The Wnt/β-catenin pathway is also essential for stem cell maintenance. A previous study showed that β-catenin overexpression decreased cytomembrane localization of NIS and RAI uptake ability in FTC-133 cells [ref. 26]. However, in rat thyroid follicular cell lines, β-catenin as downstream of thyrotropin and insulin-like growth factor 1 increased the expression of Pax8 and NIS [ref. 27]. It should be noted that differential β-catenin expression between benign and malignant thyroid neoplasms was seen in cytoplasmic or nuclear localization (indicating accumulation of the Wnt canonical pathway) but not membranous localization (non-Wnt signaling) [ref. 28]. Furthermore, cytoplasmic/nuclear β-catenin expression was strongly associated with galectin-3 expression. Galectin-3 is a carbohydrate-binding protein commonly overexpressed in thyroid cancer and can serve as a diagnostic biomarker of thyroid cancer. Recently, we reported that galectin-3 inhibitors could suppress anoikis resistance and invasive capacity in thyroid cancer cells [ref. 29]. Activation of the Wnt/β-catenin pathway along with NIS downregulation is a fascinating topic for future work.

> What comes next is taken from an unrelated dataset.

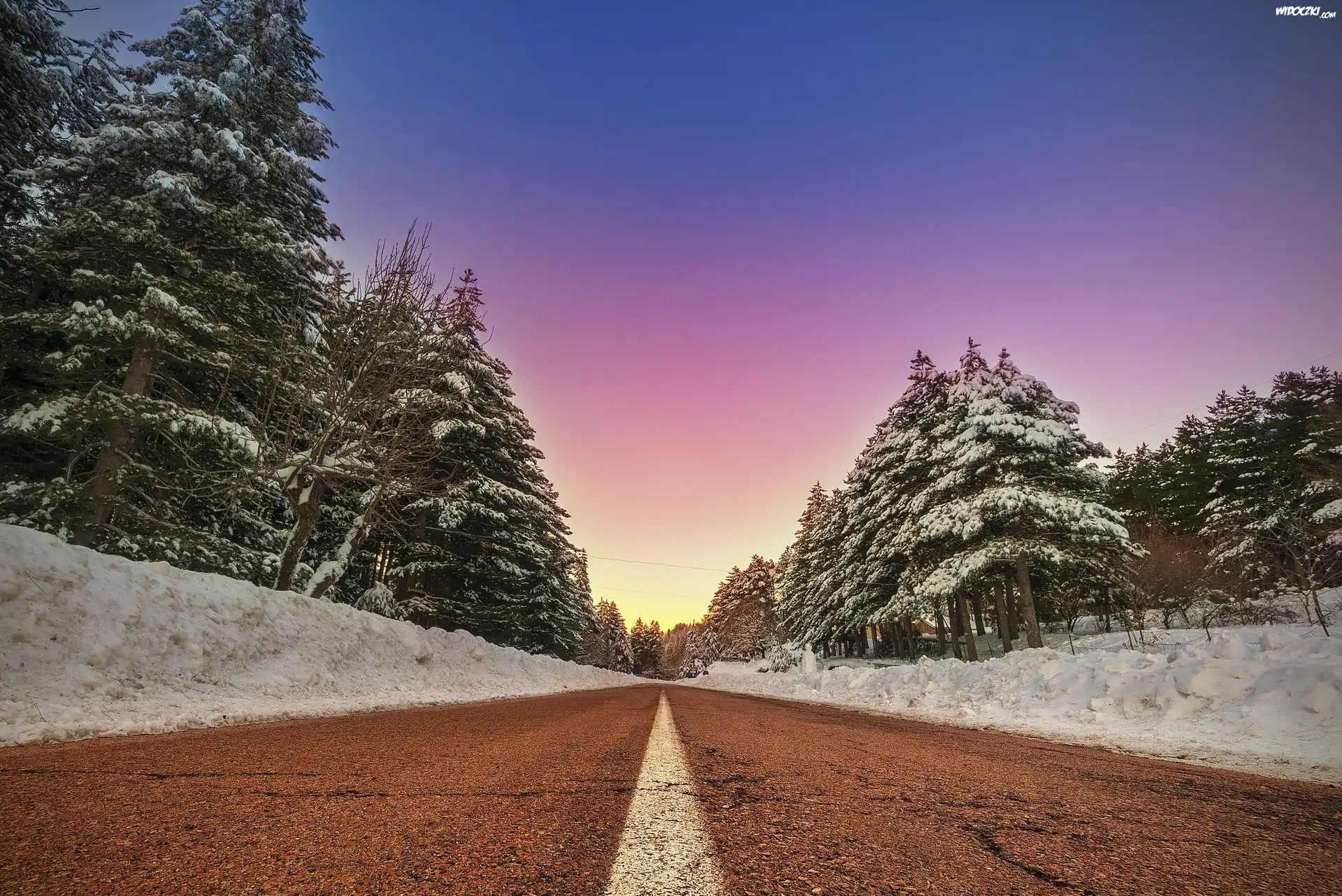 Zdjęcia, Zima, Droga, Drzewa

A non-pump function of intracellular non-membranous NIS may have a tumorigenic role [ref. 30]. In the current study, we observed upregulation of the DNA replication pathway and MYC pathway in the low NIS group. Network analysis revealed that MYC is one of the essential proteins that regulate NIS expression in anaplastic thyroid cancer [ref. 31]. Interestingly, a BRD4 inhibitor, JQ1, was able to suppress MYC and enhance NIS expression [ref. 32]. MYC-stimulated cell proliferation may potentiate genotoxic stress induced by oncogenic drivers. NIS repression can also result from DNA damage involving ATM-mediated mechanisms [ref. 33]. We noted that dermatopontin is among the top-ranked differentially expressed genes among both the high and low NIS groups. Dermatopontin impeded the proliferation of thyroid cancer cells through MYC repression [ref. 34]. It will be intriguing to determine whether MYC transcriptionally regulates NIS expression.
Taken together, through a propensity score-matched analysis, our transcriptome analysis identified several novel pathways that could serve as potential targets in future studies to reverse the loss of NIS expression in thyroid cancer. More research is warranted to determine the translatability of these findings for developing redifferentiation strategies for the management of patients with RAI-refractory thyroid cancer.